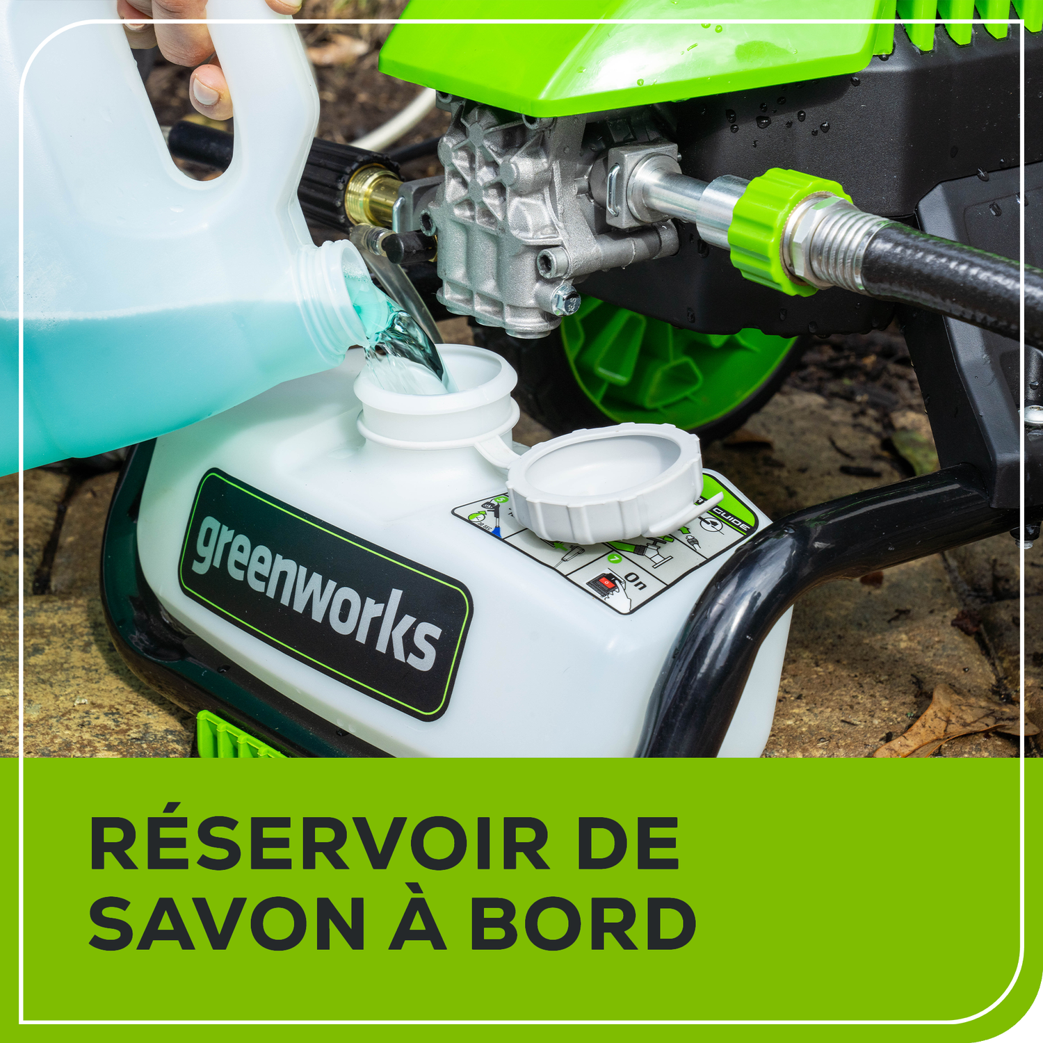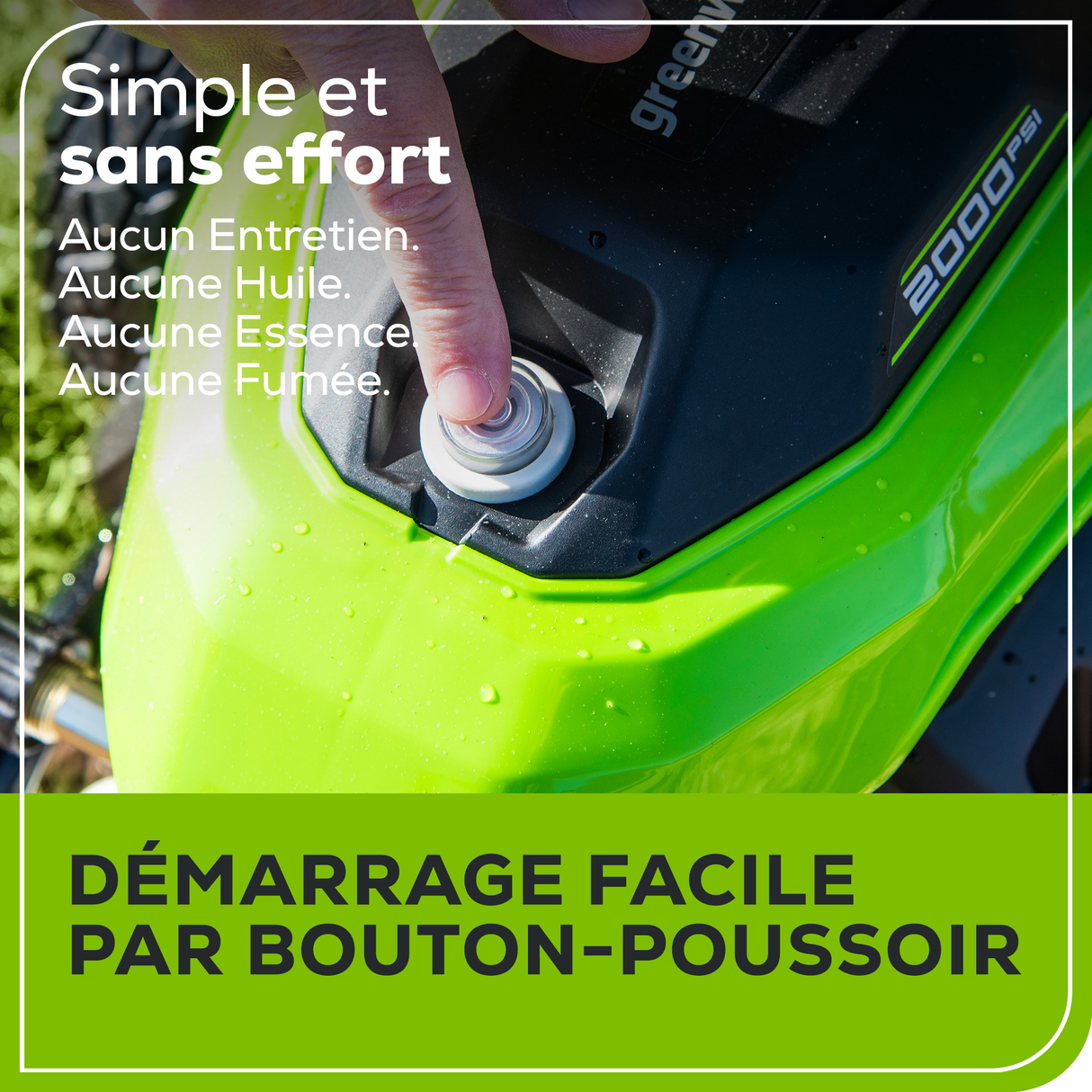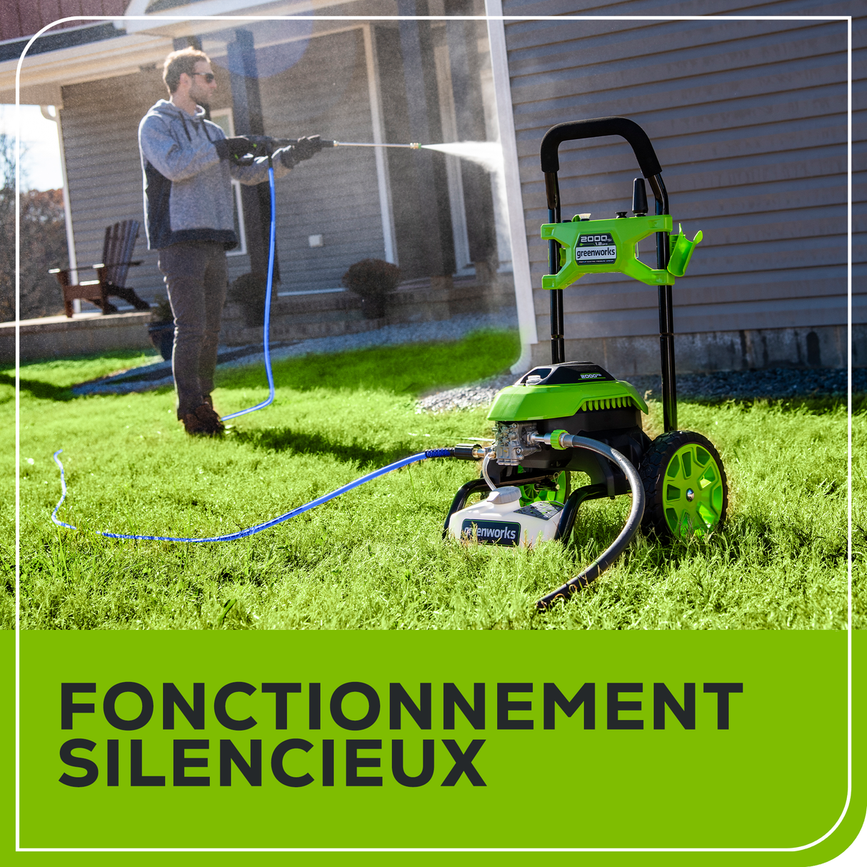 Bienvenue à La Vie. Propulsé. Par Greenworks. Les laveuses à pression résidentielles à batterie les plus puissants au monde ! Le nettoyage ménager intensif nécessite des outils aussi sérieux que vous. Qu'il s'agisse de la voiture, de la maison, de la terrasse ou de l'entrée, vos affaires brilleront à coup sûr. La laveuse à pression électrique à eau froide Greenworks Pro 2 000 PSI (lb/po²) 1,2 GPM ne manquera pas d'impressionner. Bénéficiant d'un débit d'eau allant jusqu'à 1,2 GPM, elle est puissante, fiable et conçue pour les tâches de nettoyage les plus difficiles. Avec un démarrage par bouton-poussoir sans tracas, elle s'allume facilement et se met au travail rapidement. Avec un pistolet pulvérisateur en métal robuste, elle est solide et durable, et la pompe est dotée d'un revêtement anodisé résistant à la corrosion. Elle est équipée d'un cordon d'alimentation extra-long de 35 pieds avec un disjoncteur différentiel de fuite à la terre (DDFT) en ligne et d'un boyau anti-pliage sans tracas qui élimine les enchevêtrements de boyaux frustrants, de roues increvables de 10 pouces pour un transport facile et d'un rangement d'accessoires à bord. Bénéficiant d'une garantie outil de 3 ans, la meilleure du secteur, elle est conçue pour durer des années.
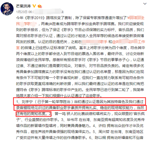 因为这样的投票在之前的时候,就一直存在着“刷票”的嫌疑,因此在面对这样情况的时候,节目组额也是做出了紧急的英规措施,导演洪涛在微博上面,也发千字文,来说明这样的事情,也作出了相应的评价。
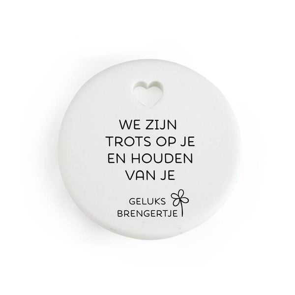 Lieve dochterGeluksbrengertjeOok als sleutelhanger of ketting te gebruikenKleur: wit met zwarte opdrukMateriaal: keramiekAfmeting: 4.3x0.5 cm (⦰xh)Gewicht: 18 gramArt.nr. 68577
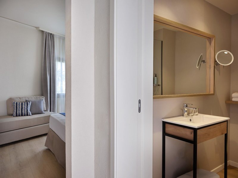 - Suite Sea View (SUM1), Nichtraucherzimmer, im Nebengebäude, Meerblick, ca. 46 - 46 m², letzte Komplettrenovierung 2024, bestehend aus 2 Zimmern, optisch getrennt ohne Tür oder durch Vorhang, 1 King Size Bett (200x200cm), Klimaanlage: Mai - Oktober; wetterabhängig, individuell regelbar, Fußboden: PVC, Safe: ohne Gebühr, Bügeleisen, Bügelbrett, Kühlschrank, Nespressomaschine, Kaffee-/Teezubereiter, Wasserkocher, Telefon, Internet: WLAN/WiFi, Fernseher: Sat-TV, Radio, Roomservice: täglich, gegen Gebühr, Reinigungsservice: täglich, ohne Gebühr, Dusche, Regendusche, WC, Föhn, Kosmetikspiegel, Balkon oder Terrasse: mit Sitzgelegenheit

• • • • • • •

What to produce ▸ Return the material from the line containing "因为这样的投票在之前的时候,就一直存在着" through the line containing "Lieve dochterGeluksbrengertjeOok als", exactly and in full, but without its pictures.

Exercise response ▸
 因为这样的投票在之前的时候,就一直存在着“刷票”的嫌疑,因此在面对这样情况的时候,节目组额也是做出了紧急的英规措施,导演洪涛在微博上面,也发千字文,来说明这样的事情,也作出了相应的评价。
 Lieve dochterGeluksbrengertjeOok als sleutelhanger of ketting te gebruikenKleur: wit met zwarte opdrukMateriaal: keramiekAfmeting: 4.3x0.5 cm (⦰xh)Gewicht: 18 gramArt.nr. 68577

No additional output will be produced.